Surf Getaways Monthly Surf Tip: Surf Etiquette & how to NOT drop-in

Surf etiquette is a big subject amongst surfers and not following it is the main reason why there can be conflicts in the lineup. Even though there are no written rules and official regulations, there are some international common practices known by all surfing communities around the globe that help keeping surfers safe and happy in any surf break.
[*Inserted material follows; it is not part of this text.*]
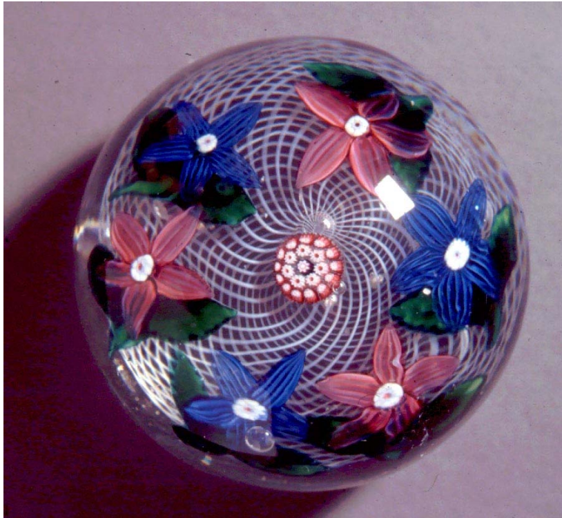
Figure 5. NEGC Garland

At the end of the day surfing is an extreme sport and not following the rules can lead to serious injuries and unwanted situations.
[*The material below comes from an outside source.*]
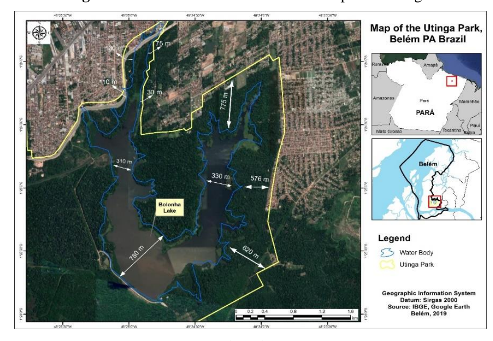
Figure 3. Distance between lake and its respective margins.

The boundaries of the APA's riparian vegetation were evaluated. ArcGis identified a variation between 30 m and 1500 m from urban expansion sites till the lake's banks. Denser vegetation area (riparian vegetation up to 1.5 km) in the southern, southeastern and southwestern regions still provides protection close to the water sources. However, shorter distances (up to 30m) verified in the north, east and west of the lakes already reveal the enormous difficulty to preserve these water environments. According to the Brazilian Forest Code, the minimum distance between the preservation areas in the environs of the water bodies should be 200 m from each margin. Such distance does not occur in most of lake Bolonha. with shorter distances at several sites, as Figure 3 demonstrates.

There are many topics to be discussed around surf etiquette, and one of the main ones is the Drop-in. This happens when a surfer does not follow the priority rules and “steals” a wave from another surfer. It has to do with the positioning in the ocean in relation to the wave. Let’s use an easy example to illustrate a drop-in:

  • You are in the lineup, surfing a right-handed point break (all waves break from left to right) and have been waiting for a wile to catch a wave.
  • You’re  the furthest surfer to the left (closest to the peak). Some surfers are paddling back up to the lineup and another surfer (Sophie) is waiting to catch a wave close by, seating on your righthand side.
  • There is a set coming, you start paddling to position yourself closer to peak of the wave, and Sophie next to you starts paddling too.
  • The wave gets to you, you are the closest to the breaking point, Sophie keeps paddling and now in front of you catches the wave a bit further down the face of the wave.
  • At this point we have already taken off in the optimal point of the wave, but our ride is interrupted by Sophie that has DROPED-IN on our wave.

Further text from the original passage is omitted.